Bouncing back from a natural disaster can be difficult for anyone, but for the operator of Sally's Ice Cream it's been one thing after another.
Serving up sundaes, double scoops and banana splits at Sally’s Ice Cream on State Road A1A in Flagler Beach has been making co-owner Karen Barchowski’s day for the past five years.
But when storms flooded her shop in September, she wasn't sure what the future might hold.
Now after lots of hard work — and some help from fellow ice cream purveyor and friend Sandy Kinney — Barchowski is hoping for a grand reopening in April or sooner.

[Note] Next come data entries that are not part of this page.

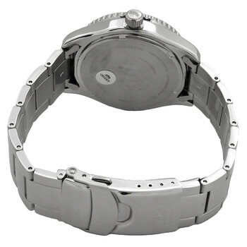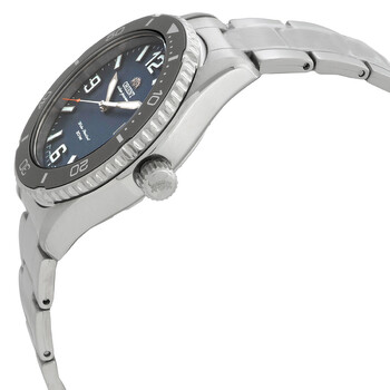 Silver-tone stainless steel case and bracelet. Uni-directional rotating grey stainless steel bezel. Blue dial with silver-tone hands and index-Arabic numeral hour markers. Minute markers around the outer rim. Dial Type: Analog. Luminescent hands and markers. Date display at the 3 o'clock position. Orient Calibre VS422 solar movement. Scratch resistant sapphire crystal. Screw down crown. Solid case back. Round case shape, case size: 39.9 mm, case thickness: 11.2 mm. Band width: 20 mm. Fold over clasp with a safety release. Water resistant at 200 meters / 660 feet. Functions: date, hour, minute, second. Sport Series. Sport watch style. Watch label: Japan Movt. Orient Sport Solar Blue Dial Men's Watch RA-WJ0002L10B.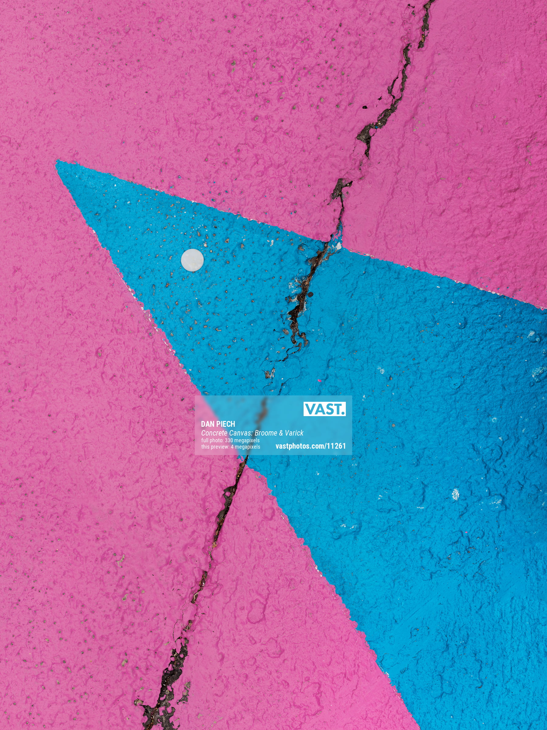 Dan Piech's Concrete Canvas series captures the accidental beauty that serendipitously occurs when the concrete beneath New Yorkers' feet is inadvertently graced by spilled paint, fallen debris, expanding cracks, chemical stains, and other delightful visual elements. An avid runner, Piech has spent over three years traversing every single Manhattan street in search of these overlooked "artworks" that have become part of the fabric of the city.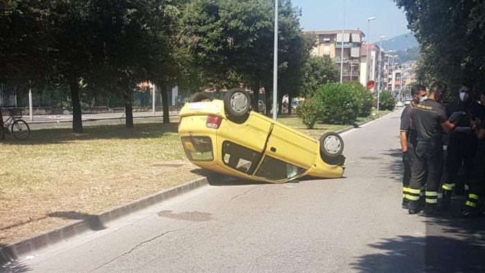Paura a Salerno: auto si ribalta in via Angrisani

Bouncing back from a natural disaster like a flood can be difficult for anyone but for the New Jersey native, it’s been one thing after another. Hurricane Matthew flooded her Flagler Beach home in October 2016. Then last year, Tropical Storm Irma flooded the home of her mother, also a Flagler Beach resident.

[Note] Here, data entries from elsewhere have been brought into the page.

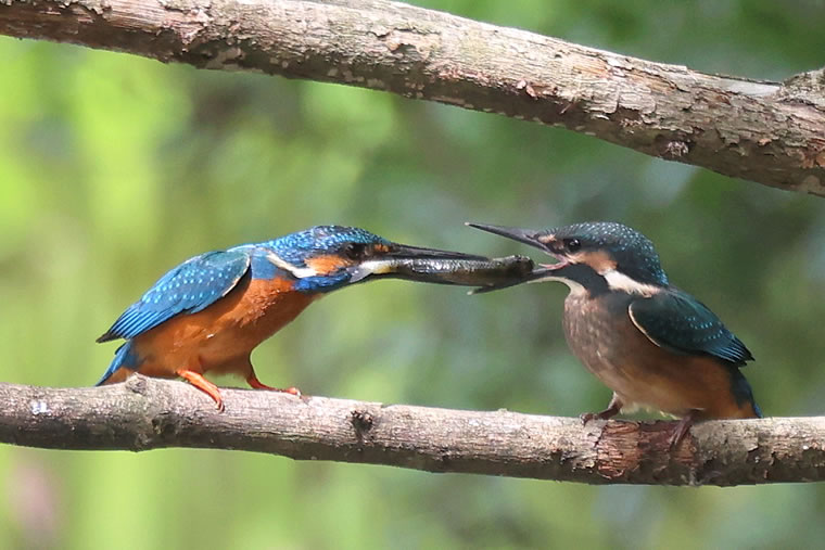 幼鳥(右)がお父さん(左)から小魚を受け取る瞬間です。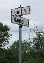 Sign for Wagner Road at the intersection with Goll Road in Wagner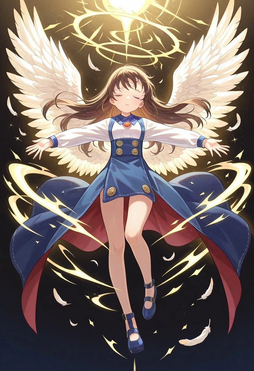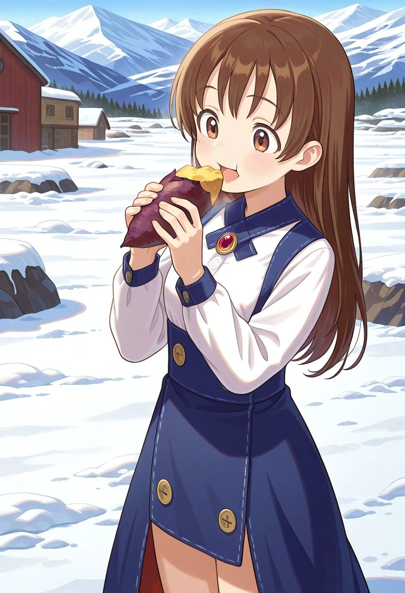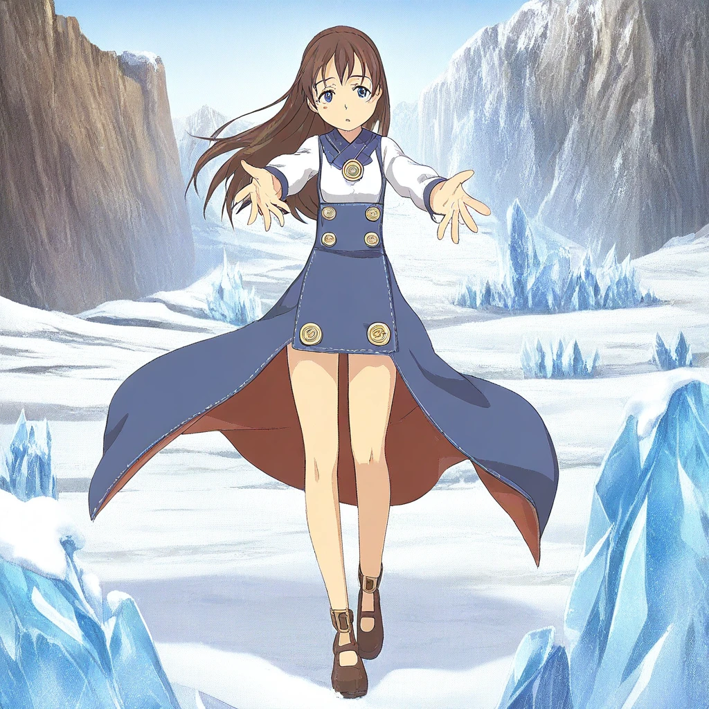 Prompt: Amer_SN2, long hair, bangs, brown hair, green eyes, shirt, brooch, dirndl, long sleeves, white sleeves, sleeve cuffs, overall skirt, overskirt, buttons, bare knees, legs, shoes, ankle strap, blue footwear

After evacuating in advance of Irma, Barchowski returned to discover her business, which she purchased in 2012, had been flooded. The retired chef and Realtor said she worked with her landlord and insurance company to gut the building at 401 N. Ocean Shore Blvd. and start the renovation process.

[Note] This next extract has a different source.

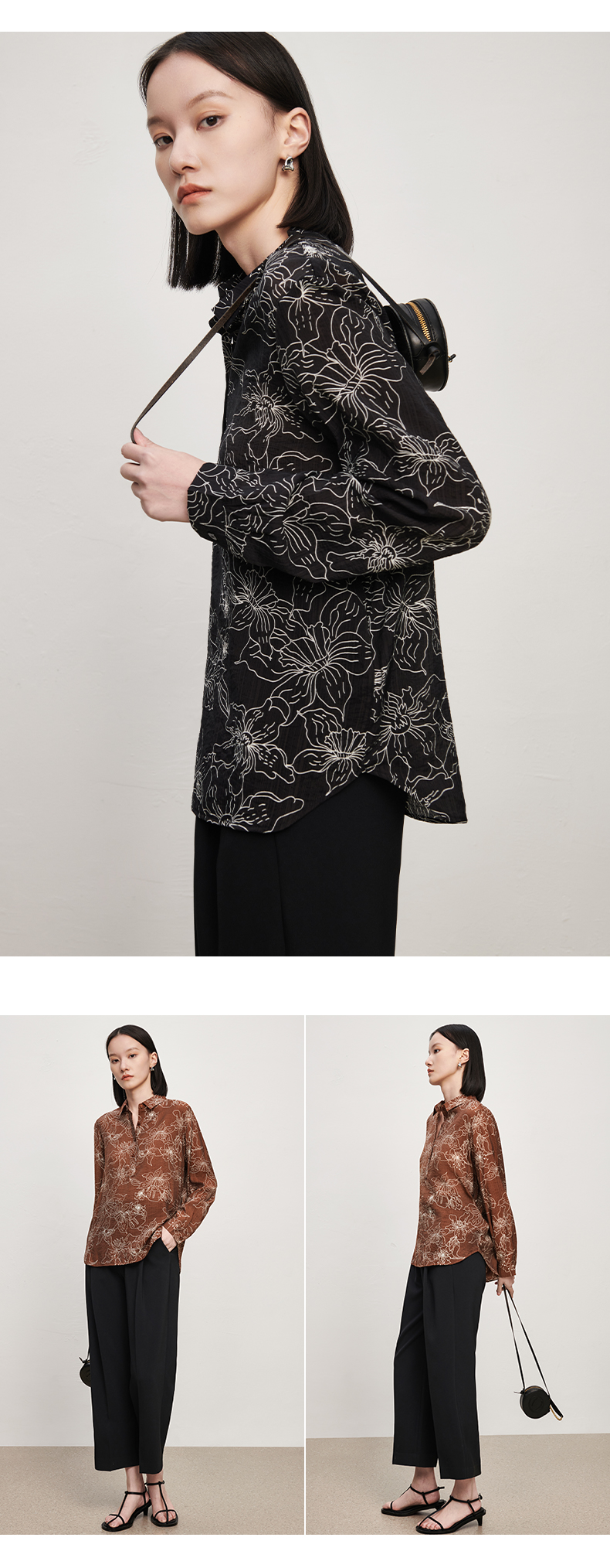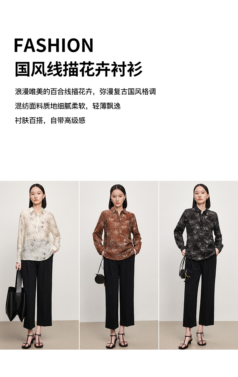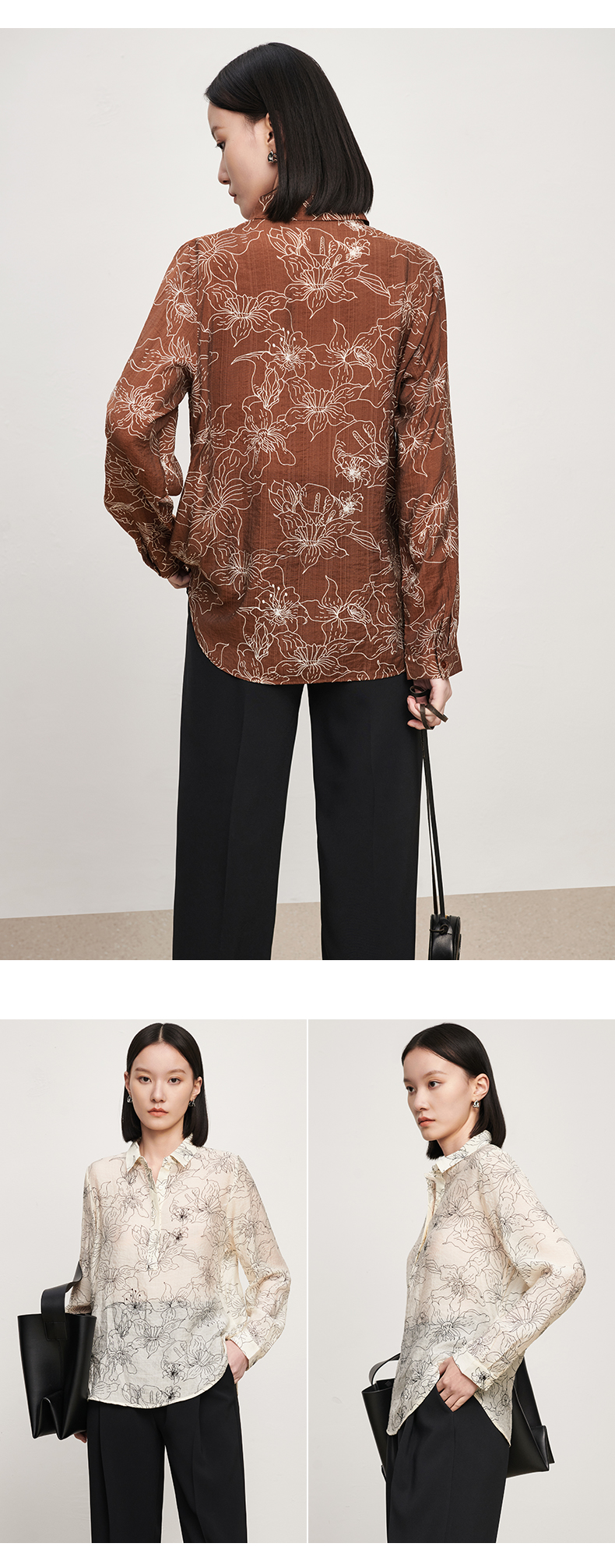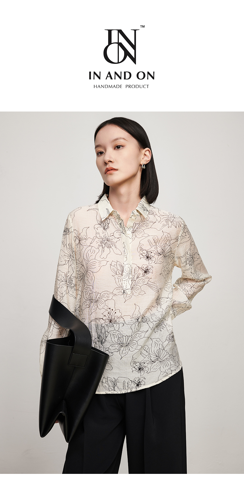 IN AND ON文艺复古印花长袖衬衫女2023夏季新款薄款新中式国风上衣

“We sustained pretty severe damage from Hurricane Irma and so it’s been a long process,” said Barchowski. “I thought it could have been worse initially — so many had severe damage to their homes — but my attitude is: let’s get it done."
Five months later, she’s seeing light at the end of the tunnel, and with it some positive changes to her business. Barchowski hopes to reopen her ice cream shop by April. In addition to her shop's signature items, she plans to eventually add organic and more dairy-free options, as well as fresh lemonade and new and different toppings like granola and chia seeds.
“There are some good changes coming along and we’re taking this opportunity to make things even better," she said. "I’ve switched stuff around and am going to be concentrating on bringing it up to another level. I want to offer the best I have to give."
As for Kinney, she jumped at the chance to lend Barchowski a hand — or, rather, a mobile food truck. Today Kinney's truck, which she uses mainly in the summer months, can often be found parked at the site of Barchowski's closed business. It allows Barchowski to continue to serve customers from a limited menu of items.
Kinney said Barchowski supported her when she began the process of opening a mobile ice cream business in 2012 and while many figured the two women would be competitors, their friendship has endured and strengthened over the years.
“When I was fighting to become a mobile vendor, she was one of the people who was so supportive," Kinney said, "and that’s where we became friends.”
Kinney said Barchowski is always helping others and doing positive things.
"So to help her just made my heart feel good,” Kinney said.
Barchowski also credits the flexibility of Flagler Beach city officials for helping to get permission to use the truck to do business while her shop is being renovated.
“A shout out to the city and the mayor, because I had to get permission to put the truck here," Barchowski said. "They’re doing what they can. They’ve been very helpful.”
Flagler Beach Mayor Linda Provencher said helping local businesses recover from something like a hurricane is part of the mission for city officials.
“Sally’s is a community staple and it’s important to help our local businesses succeed after two hurricanes in their economic recovery,” Provencher said. “There has been no money coming in for them and their employees (have been) unable to work."